◆ Task details: Output the full listing below exactly, without the pictures.
** Opening Records supplied block **
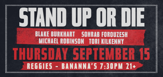 Bananna's Comedy Shack at Reggies  7:30pm doors / 8:30pm show / 21+ / $15adv - $20dos  *STAND UP OR DIE* Blake Burkhart  Sohrab Forouzesh Michael Robinson Tori Kilkenny
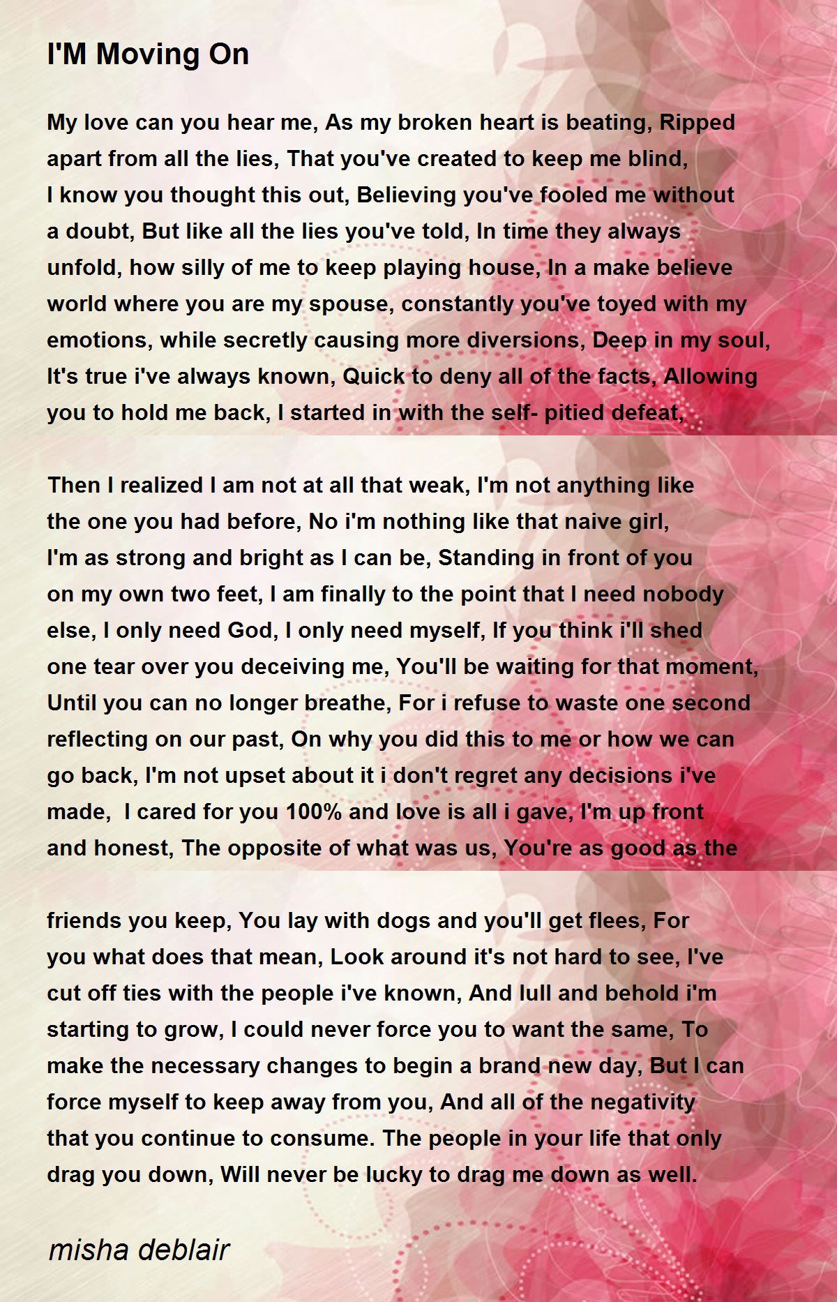 My love can you hear me, As my broken heart is beating, Ripped apart from all the lies, That you've created to keep me blind, I know you thought this out, Believing you've fooled me without a doubt, But like all the lies you've told, In time they always unfold, how silly of me to keep playing house, In a make believe world where you are my spouse, constantly you've toyed with my emotions, while secretly causing more diversions, Deep in my soul, It's true i've always known, Quick to deny all of the facts, Allowing you to hold me back, I started in with the self-pitied defeat, Then I realized I am not at all that weak, I'm not anything like the one you had before, No i'm nothing like that naive girl, I'm as strong and bright as I can be, Standing in front of you on my own two feet, I am finally to the point that I need nobody else, I only need God, I only need myself, If you think i'll shed one tear over you deceiving me, You'll be waiting for that moment, Until you can no longer breathe, For i refuse to waste one second reflecting on our past, On why you did this to me or how we can go back, I'm not upset about it i don't regret any decisions i've made, I cared for you 100% and love is all i gave, I'm up front and honest, The opposite of what was us, You're as good as the friends you keep, You lay with dogs and you'll get flees, For you what does that mean, Look around it's not hard to see, I've cut off ties with the people i've known, And lull and behold i'm starting to grow, I could never force you to want the same, To make the necessary changes to begin a brand new day, But I can force myself to keep away from you, And all of the negativity that you continue to consume. The people in your life that only drag you down, Will never be lucky to drag me down as well.
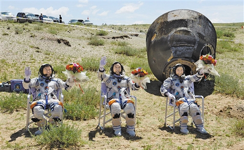 圖為圓滿完成神舟九號交會對接任務的航天員安全返回地面。秦憲安攝(中經視覺)
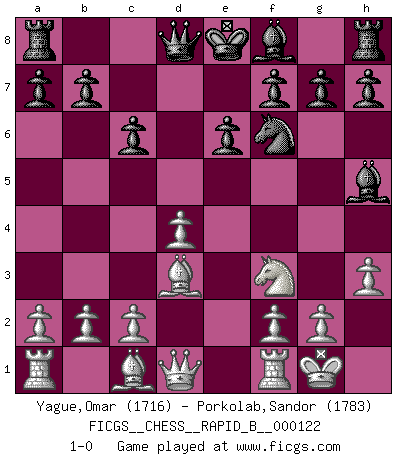 Last move : 1-0 2009 August 15 8:35:23 [Event "FICGS__CHESS__RAPID_B__000122"] [Site "FICGS"] [Date "2009.06.01"] [Round "1"] [White "Yague,Omar"] [Black "Porkolab,Sandor"] [Result "1-0"] [WhiteElo "1716"] [BlackElo "1783"] 1.Nf3 Nf6 2.d4 d5 3.e3 c6 4.Bd3 Bg4 5.Nbd2 e6 6.O-O Nbd7 7.h3 Bh5 8.e4 dxe4 9.Nxe4 Nxe4 10.Bxe4 Nf6 11.Bd3 1-0 This chess game has been lost on time (started : 2009.06.01 10:42:1) Reti Opening Kingside Castling by player White (move 6) Player White won this chess game. Follow this game move after move (download)A Chess game is divided into three stages: the first, when you hope you have the advantage, the second when you believe you have an advantage, and the third... when you know you're going to lose ! (Savielly Tartakower) Konzentriere dich auf materielle Gewinne. Nimm, was dir dein Gegner gibt, ausser es gibt einen guten Grund der dagegenspricht. (Robert James Fischer) Estaba muy claro de que el punto vulnerable del Gran Maestro Americano (Bobby Fischer) radicaba en las posiciones de doble filo, colgantes, irracionales, donde el siempre falló en encontrar un triunfo aún en una posición de clara victoria. (Efim Geller) Pour se monter efficace, un Cavalier a besoin d'avant-postes ! Les Cavaliers font les meilleurs bloqueurs de pions passés. It's not enough to succeed. Others must fail. (Gore Vidal)
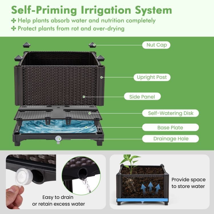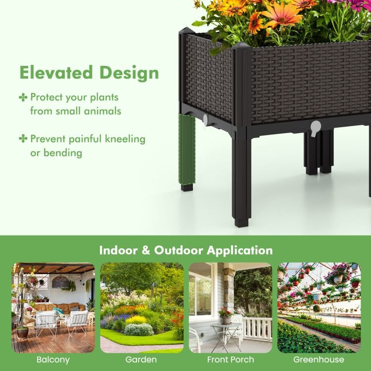 The raised garden bed kit is designed with 8 elevated legs and 2 planter boxes, allowing you to freely combine the garden boxes as you desire,It is made of premium PP materials that are durable and weatherproof for long-lasting indoor and outdoor uses. Moreover, the PP materials are designed with rattan patterns, adding a sense of beauty and elegance to your space. More importantly, the elevated planter kit requires no tools for effortless assembly, just insert walls into the base plate and insert the columns along grooves of sideboards, and you can choose whether to install the elevated legs for different purposes. More than that, it is equipped with a self-watering disk, a water storage box, and drainage holes for self-priming irrigation, allowing roots to aerate while having moisture nearby. Besides, the elevated design is space-saving for planting vegetables, fruits, flowers, or herbs in the garden, patio, or backyard.
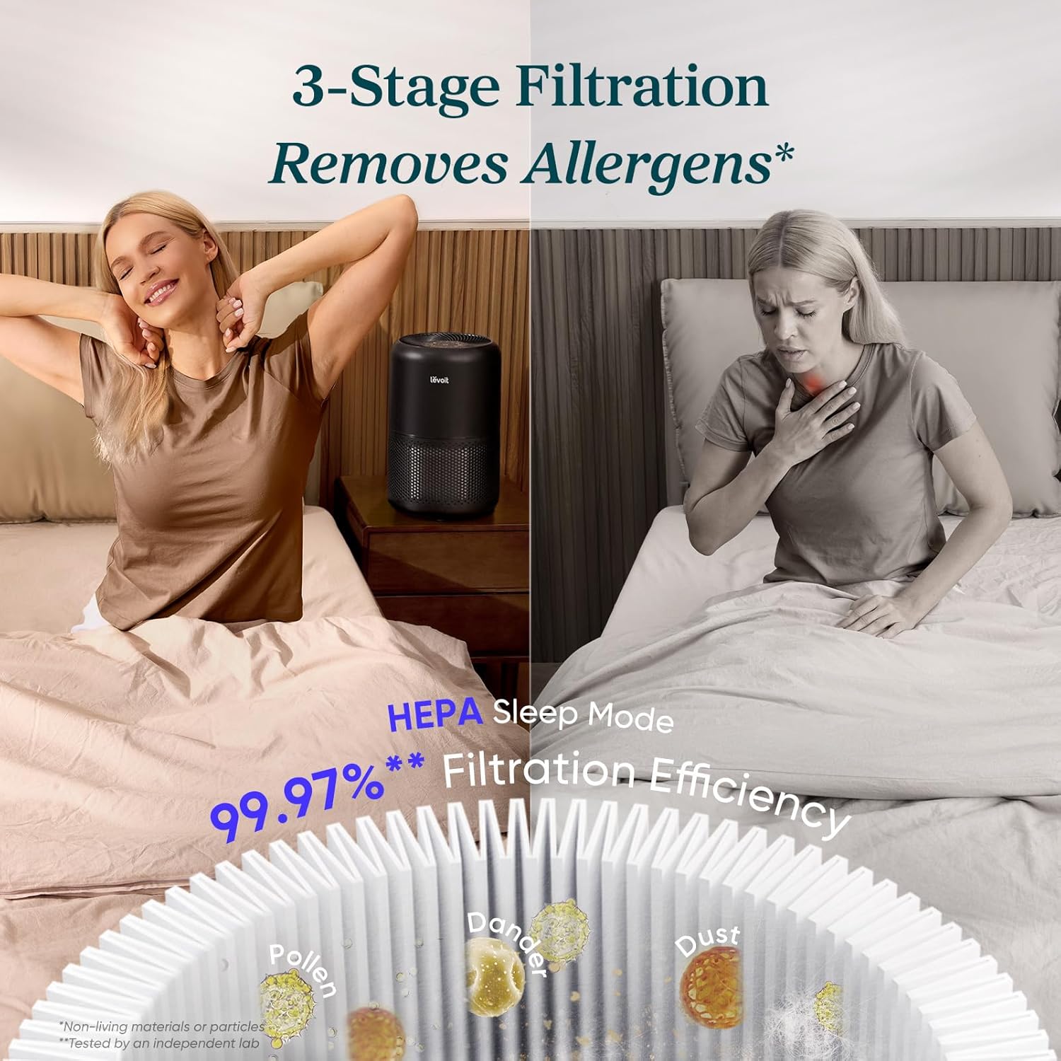 Air Purifier for Bedroom Allergies and Pet Hair, 56W High Torque Motor
** Closing Records supplied block **
◆ Your solution:
 Bananna's Comedy Shack at Reggies  7:30pm doors / 8:30pm show / 21+ / $15adv - $20dos  *STAND UP OR DIE* Blake Burkhart  Sohrab Forouzesh Michael Robinson Tori Kilkenny
 My love can you hear me, As my broken heart is beating, Ripped apart from all the lies, That you've created to keep me blind, I know you thought this out, Believing you've fooled me without a doubt, But like all the lies you've told, In time they always unfold, how silly of me to keep playing house, In a make believe world where you are my spouse, constantly you've toyed with my emotions, while secretly causing more diversions, Deep in my soul, It's true i've always known, Quick to deny all of the facts, Allowing you to hold me back, I started in with the self-pitied defeat, Then I realized I am not at all that weak, I'm not anything like the one you had before, No i'm nothing like that naive girl, I'm as strong and bright as I can be, Standing in front of you on my own two feet, I am finally to the point that I need nobody else, I only need God, I only need myself, If you think i'll shed one tear over you deceiving me, You'll be waiting for that moment, Until you can no longer breathe, For i refuse to waste one second reflecting on our past, On why you did this to me or how we can go back, I'm not upset about it i don't regret any decisions i've made, I cared for you 100% and love is all i gave, I'm up front and honest, The opposite of what was us, You're as good as the friends you keep, You lay with dogs and you'll get flees, For you what does that mean, Look around it's not hard to see, I've cut off ties with the people i've known, And lull and behold i'm starting to grow, I could never force you to want the same, To make the necessary changes to begin a brand new day, But I can force myself to keep away from you, And all of the negativity that you continue to consume. The people in your life that only drag you down, Will never be lucky to drag me down as well.
 圖為圓滿完成神舟九號交會對接任務的航天員安全返回地面。秦憲安攝(中經視覺)
 Last move : 1-0 2009 August 15 8:35:23 [Event "FICGS__CHESS__RAPID_B__000122"] [Site "FICGS"] [Date "2009.06.01"] [Round "1"] [White "Yague,Omar"] [Black "Porkolab,Sandor"] [Result "1-0"] [WhiteElo "1716"] [BlackElo "1783"] 1.Nf3 Nf6 2.d4 d5 3.e3 c6 4.Bd3 Bg4 5.Nbd2 e6 6.O-O Nbd7 7.h3 Bh5 8.e4 dxe4 9.Nxe4 Nxe4 10.Bxe4 Nf6 11.Bd3 1-0 This chess game has been lost on time (started : 2009.06.01 10:42:1) Reti Opening Kingside Castling by player White (move 6) Player White won this chess game. Follow this game move after move (download)A Chess game is divided into three stages: the first, when you hope you have the advantage, the second when you believe you have an advantage, and the third... when you know you're going to lose ! (Savielly Tartakower) Konzentriere dich auf materielle Gewinne. Nimm, was dir dein Gegner gibt, ausser es gibt einen guten Grund der dagegenspricht. (Robert James Fischer) Estaba muy claro de que el punto vulnerable del Gran Maestro Americano (Bobby Fischer) radicaba en las posiciones de doble filo, colgantes, irracionales, donde el siempre falló en encontrar un triunfo aún en una posición de clara victoria. (Efim Geller) Pour se monter efficace, un Cavalier a besoin d'avant-postes ! Les Cavaliers font les meilleurs bloqueurs de pions passés. It's not enough to succeed. Others must fail. (Gore Vidal)
 The raised garden bed kit is designed with 8 elevated legs and 2 planter boxes, allowing you to freely combine the garden boxes as you desire,It is made of premium PP materials that are durable and weatherproof for long-lasting indoor and outdoor uses. Moreover, the PP materials are designed with rattan patterns, adding a sense of beauty and elegance to your space. More importantly, the elevated planter kit requires no tools for effortless assembly, just insert walls into the base plate and insert the columns along grooves of sideboards, and you can choose whether to install the elevated legs for different purposes. More than that, it is equipped with a self-watering disk, a water storage box, and drainage holes for self-priming irrigation, allowing roots to aerate while having moisture nearby. Besides, the elevated design is space-saving for planting vegetables, fruits, flowers, or herbs in the garden, patio, or backyard.
 Air Purifier for Bedroom Allergies and Pet Hair, 56W High Torque Motor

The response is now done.